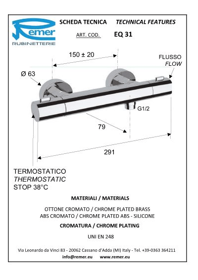 Remer Rubinetterie SpA je lídrem společnosti, která byla založena v roce 1965 v Miláně. Na národní i mezinárodní scéně se pohybuje již 45 let a neustále se přitom vývíjí. Značka má ambice stát se jedničkou v oboru na celosvětové úrovni. Věří, že se jí to podaří díky důrazu na inovace a výjimečné kvalitě. Každému ze zákazníkům značka garantuje původ výrobků, celkovou kvalitu a náskok oproti konkurenci. Firemní filozofie neustálého zlepšování a výběr vysoce kvalifikovaných pracovníků, kteří jsou hrdí na to, že mohou dělat věci nejlepším možným způsobem, jsou atributy, které se naplno odráží v jednotlivých produktech. Značka dodává své vodovodní baterie do více než 130 zemí celého světa.
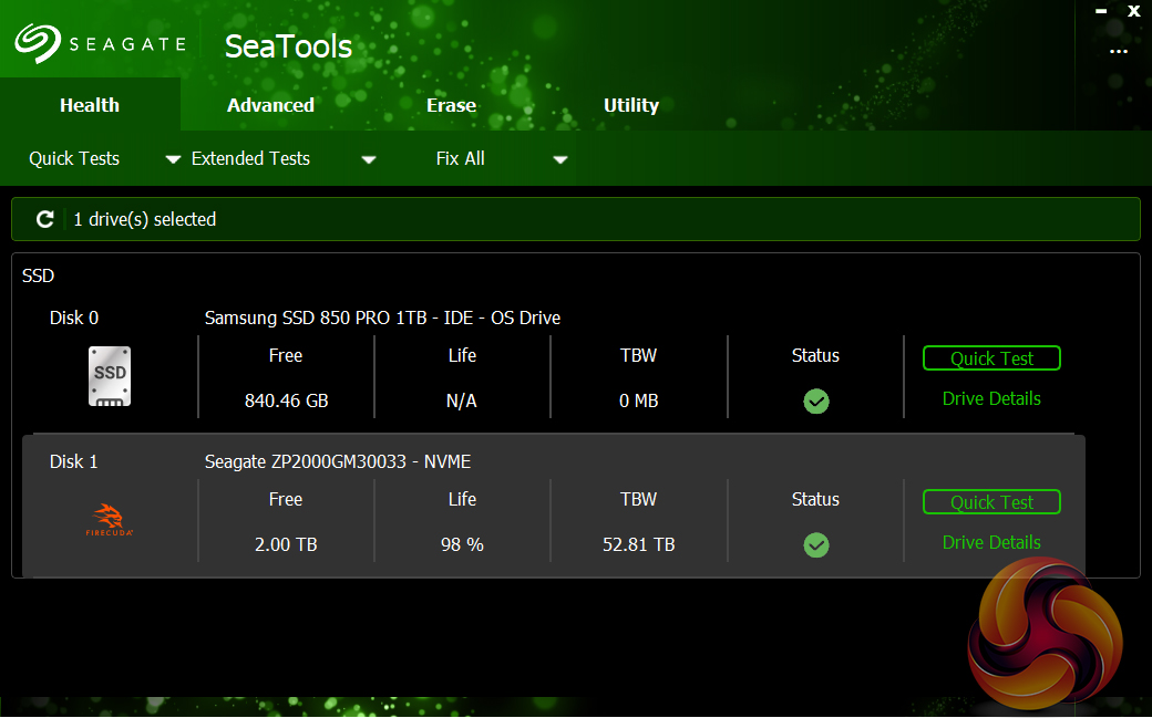 Seagate's drive management software utility is SeaTools. At first glance, it looks very basic but the detail is in the sub-sections for each of the four main tabs; Health, Advanced, Erase and Utility.
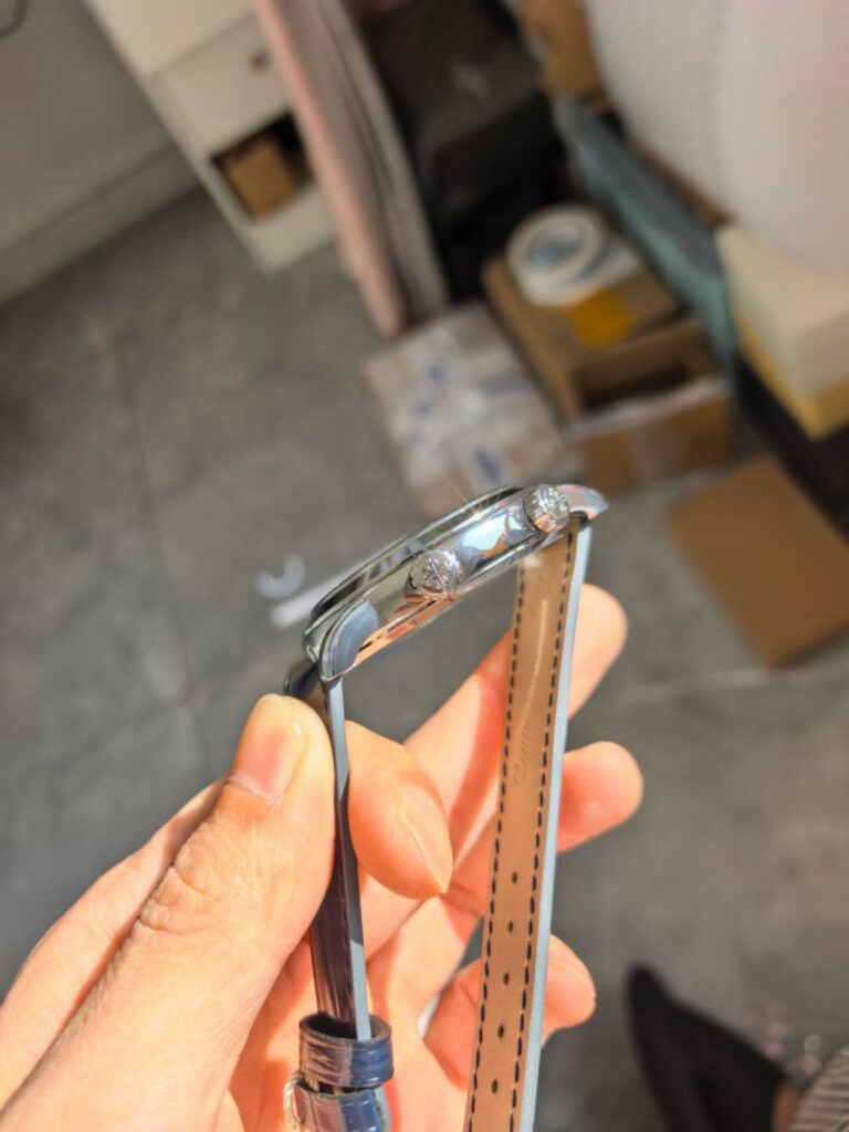 重量の違い: 本物のケースはプラチナで作られているため非常に重厚感がありますが、レプリカはステンレスベースのため、手に持った際の重量に明確な違いが生じます。
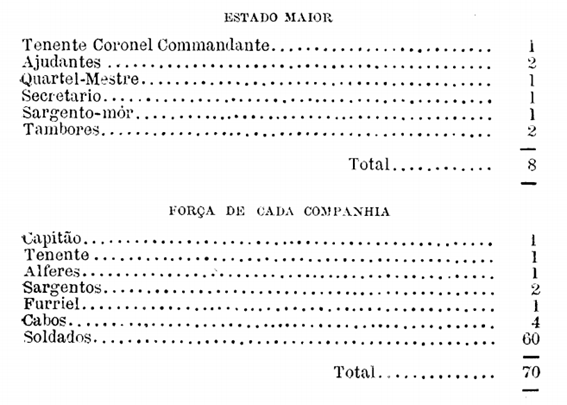 O Batalhão será composto de seis companhias, tres em Villa Nova e tres no Propriá, podendo augmentar-se o numero das Companhias sempre que o permittir o augmento da povoação em qualquer das villas.
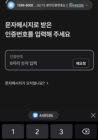 이후 문자로 온 인증번호를 넣어주시구요.
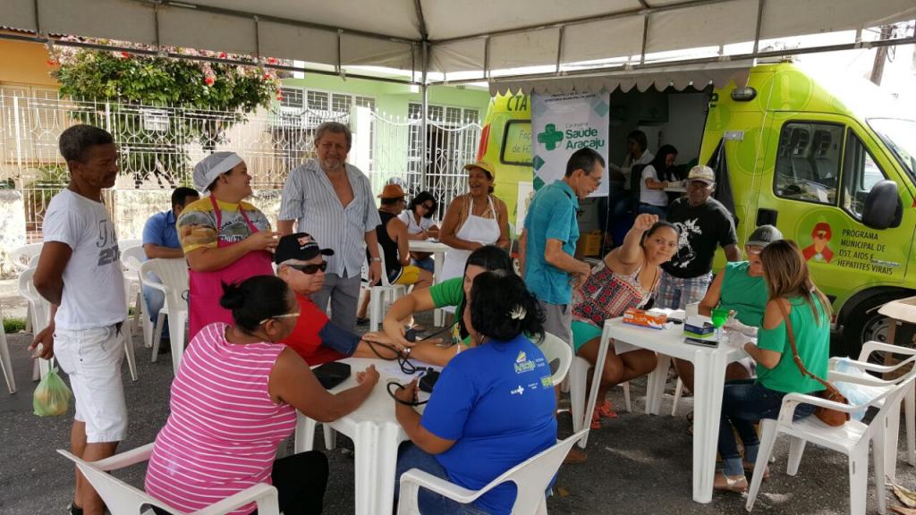 Na manhã desta sexta-feira, 9, foi a vez da feira livre do conjunto Castelo Branco receber as ações da Caravana Saúde Aracaju. As equipes da Secretaria Municipal de Saúde (SMS) trabalharam durante toda a manhã oferecendo aos feirantes e a comunidade diversos serviços de promoção à saúde. O Centro de Testagem e Aconselhamento (CTA) Itinerante realizou 336 testes rápidos de HIV, Hepatites e Sífilis. Também foram feitos 99 exames de glicemia capilar e 123 aferições de pressão arterial, sendo que 21 pessoas apresentaram alterações nos exames, receberam no local as primeiras orientações sobre os cuidados que devem adotar e foram encaminhadas para a Unidade de Saúde da Família (USF) mais perto de onde moram. No total, foram realizados 558 atendimentos. Durante a ação houve ainda a distribuição de preservativos femininos e masculinos, além de panfletos educativos.

○ ○ ○ ○

EXERCISE INSTRUCTIONS: Exactly reproduce each record, leaving out any pictures.

ANSWER BOX:
 Remer Rubinetterie SpA je lídrem společnosti, která byla založena v roce 1965 v Miláně. Na národní i mezinárodní scéně se pohybuje již 45 let a neustále se přitom vývíjí. Značka má ambice stát se jedničkou v oboru na celosvětové úrovni. Věří, že se jí to podaří díky důrazu na inovace a výjimečné kvalitě. Každému ze zákazníkům značka garantuje původ výrobků, celkovou kvalitu a náskok oproti konkurenci. Firemní filozofie neustálého zlepšování a výběr vysoce kvalifikovaných pracovníků, kteří jsou hrdí na to, že mohou dělat věci nejlepším možným způsobem, jsou atributy, které se naplno odráží v jednotlivých produktech. Značka dodává své vodovodní baterie do více než 130 zemí celého světa.
 Seagate's drive management software utility is SeaTools. At first glance, it looks very basic but the detail is in the sub-sections for each of the four main tabs; Health, Advanced, Erase and Utility.
 重量の違い: 本物のケースはプラチナで作られているため非常に重厚感がありますが、レプリカはステンレスベースのため、手に持った際の重量に明確な違いが生じます。
 O Batalhão será composto de seis companhias, tres em Villa Nova e tres no Propriá, podendo augmentar-se o numero das Companhias sempre que o permittir o augmento da povoação em qualquer das villas.
 이후 문자로 온 인증번호를 넣어주시구요.
 Na manhã desta sexta-feira, 9, foi a vez da feira livre do conjunto Castelo Branco receber as ações da Caravana Saúde Aracaju. As equipes da Secretaria Municipal de Saúde (SMS) trabalharam durante toda a manhã oferecendo aos feirantes e a comunidade diversos serviços de promoção à saúde. O Centro de Testagem e Aconselhamento (CTA) Itinerante realizou 336 testes rápidos de HIV, Hepatites e Sífilis. Também foram feitos 99 exames de glicemia capilar e 123 aferições de pressão arterial, sendo que 21 pessoas apresentaram alterações nos exames, receberam no local as primeiras orientações sobre os cuidados que devem adotar e foram encaminhadas para a Unidade de Saúde da Família (USF) mais perto de onde moram. No total, foram realizados 558 atendimentos. Durante a ação houve ainda a distribuição de preservativos femininos e masculinos, além de panfletos educativos.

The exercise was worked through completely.